Can nginx be used as a reverse proxy for a backend websocket server?

Question

We're working on a Ruby on Rails app that needs to take advantage of html5 websockets. At the moment, we have two separate "servers" so to speak: our main app running on nginx+passenger, and a separate server using Pratik Naik's Cramp framework (which is running on Thin) to handle the websocket connections.

Ideally, when it comes time for deployment, we'd have the rails app running on nginx+passenger, and the websocket server would be proxied behind nginx, so we wouldn't need to have the websocket server running on a different port.

Problem is, in this setup it seems that nginx is closing the connections to Thin too early. The connection is successfully established to the Thin server, then immediately closed with a 200 response code. Our guess is that nginx doesn't realize that the client is trying to establish a long-running connection for websocket traffic.

Admittedly, I'm not all that savvy with nginx config, so, is it even possible to configure nginx to act as a reverse proxy for a websocket server? Or do I have to wait for nginx to offer support for the new websocket handshake stuff? Assuming that having both the app server and the websocket server listening on port 80 is a requirement, might that mean I have to have Thin running on a separate server without nginx in front for now?

Thanks in advance for any advice or suggestions. :)

-John

Answer 1

You can't use nginx for this currently^{[it's not true anymore]}, but I would suggest looking at HAProxy. I have used it for exactly this purpose.

The trick is to set long timeouts so that the socket connections are not closed. Something like:

timeout client  86400000 # In the frontend
timeout server  86400000 # In the backend

If you want to serve say a rails and cramp application on the same port you can use ACL rules to detect a websocket connection and use a different backend. So your haproxy frontend config would look something like

frontend all 0.0.0.0:80
  timeout client    86400000
  default_backend   rails_backend
  acl websocket hdr(Upgrade)    -i WebSocket
  use_backend   cramp_backend   if websocket

For completeness the backend would look like

backend cramp_backend
  timeout server  86400000
  server cramp1 localhost:8090 maxconn 200 check

Answer 2

How about use my nginx_tcp_proxy_module module?

This module is designed for general TCP proxy with Nginx. I think it's also suitable for websocket. And I just add tcp_ssl_module in the development branch.

Answer 3

nginx (>= 1.3.13) now supports reverse proxying websockets.

# the upstream server doesn't need a prefix! 
# no need for wss:// or http:// because nginx will upgrade to http1.1 in the config below
upstream app_server {
    server localhost:3000;
}

server {
    # ...

    location / {
        proxy_pass http://app_server;
        proxy_http_version 1.1;
        proxy_set_header Upgrade $http_upgrade;
        proxy_set_header Connection "upgrade";
        proxy_set_header Host $host;

        proxy_set_header X-Real-IP $remote_addr;
        proxy_set_header X-Forwarded-For $proxy_add_x_forwarded_for;

        proxy_redirect off;
    }
}

Answer 4

Out of the box (i.e. official sources) Nginx can establish only HTTP 1.0 connections to an upstream (=backend), which means no keepalive is possibe: Nginx will select an upstream server, open connection to it, proxy, cache (if you want) and close the connection.
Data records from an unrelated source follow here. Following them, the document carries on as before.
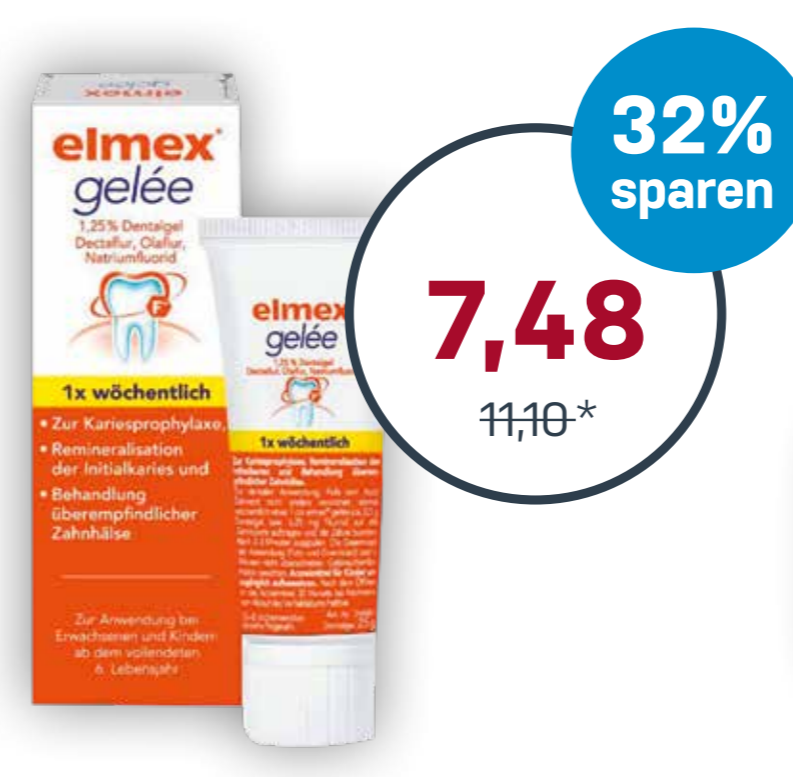
Elmex® Gelée 25 g · 100 g = 29,92 €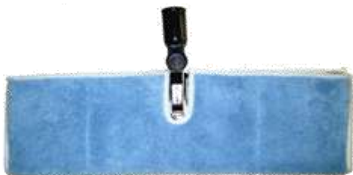
19712-PLATAFORMA + RECARGA 2 FACES TEKNO 37 cm. PAMEX Cx.24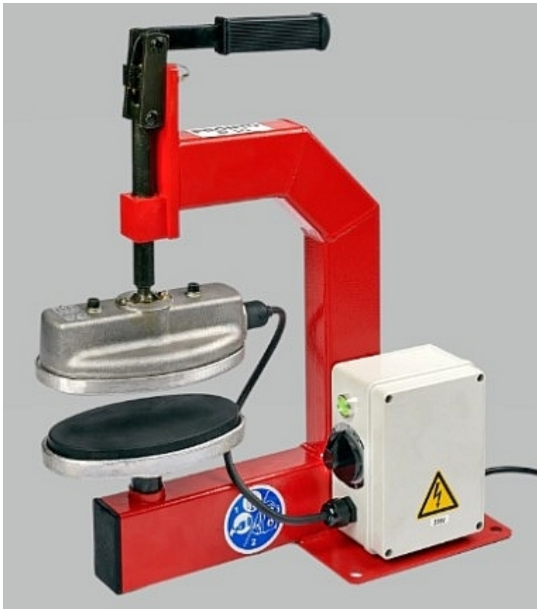
»Pronto P10«

Ist ein Schlauch undicht oder beschädigt, besteht neben der Entsorgung und Neubeschaffung auch die Möglichkeit der Reparatur. Durch das Vulkanisieren kann der Schlauch wieder gemäß DIN 14811 eingesetzt werden. Nach Einsätzen und Übungen werden Schläuche auf Dichtheit geprüft und mit einem Arbeitsdruck von 16 bar getestet. Werden dabei Schäden festgestellt, können diese mit dem »Pronto P10« behoben werden.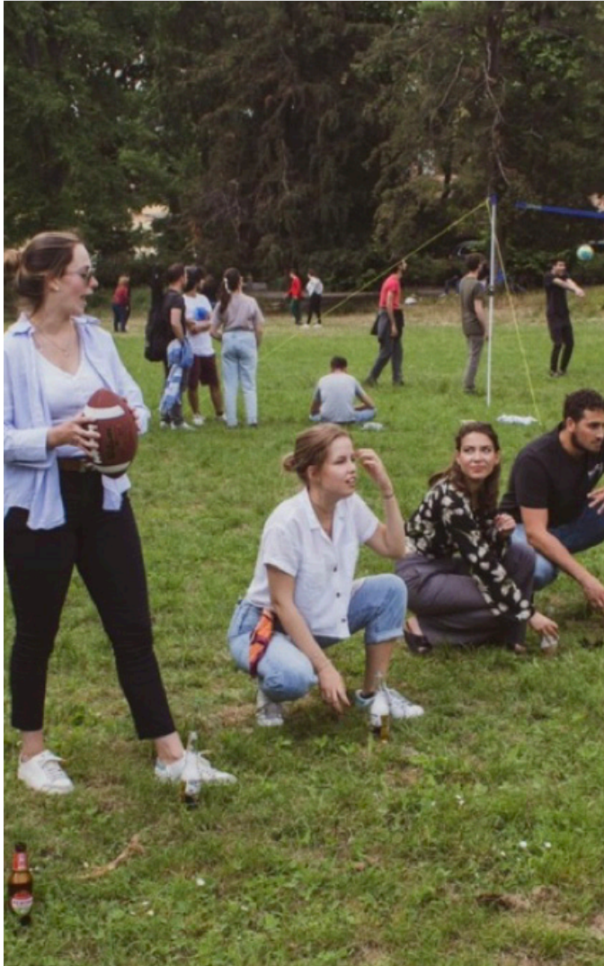
Flunkyball im Park Cascine

That's it.

This is the fundamental reason frameworks requiring persistent connections to the backend would not work through Nginx (no HTTP/1.1 = no keepalive and no websockets I guess). Despite having this disadvantage there is an evident benefit: Nginx can choose out of several upstreams (load balance) and failover to alive one in case some of them failed.

Edit: Nginx supports HTTP 1.1 to backends & keepalive since version 1.1.4. "fastcgi" and "proxy" upstreams are supported. Here it is the docs

Answer 5

For anyone that wondering about the same problem, nginx now officially supports HTTP 1.1 upstream. See nginx documentation for "keepalive" and "proxy_http_version 1.1".

Answer 6

How about Nginx with the new HTTP Push module: http://pushmodule.slact.net/. It takes care of the connection juggling (so to speak) that one might have to worry about with a reverse proxy. It is certainly a viable alternative to Websockets which are not fully in the mix yet. I know developer of the HTTP Push module is still working on a fully stable version, but it is in active development. There are versions of it being used in production codebases. To quote the author, "A useful tool with a boring name."

Answer 7

I use nginx to reverse proxy to a comet style server with long polling connections and it works great. Make sure you configure proxy_send_timeout and proxy_read_timeout to appropriate values. Also make sure your back-end server that nginx is proxying to supports http 1.0 because I don't think nginx's proxy module does http 1.1 yet.

Just to clear up some confusion in a few of the answers: Keepalive allows a client to reuse a connection to send another HTTP request. It does not have anything to do with long polling or holding connections open until an event occurs which is what the original question was asking about. So it doesn't matter than nginx's proxy module only supports HTTP 1.0 which does not have keepalive.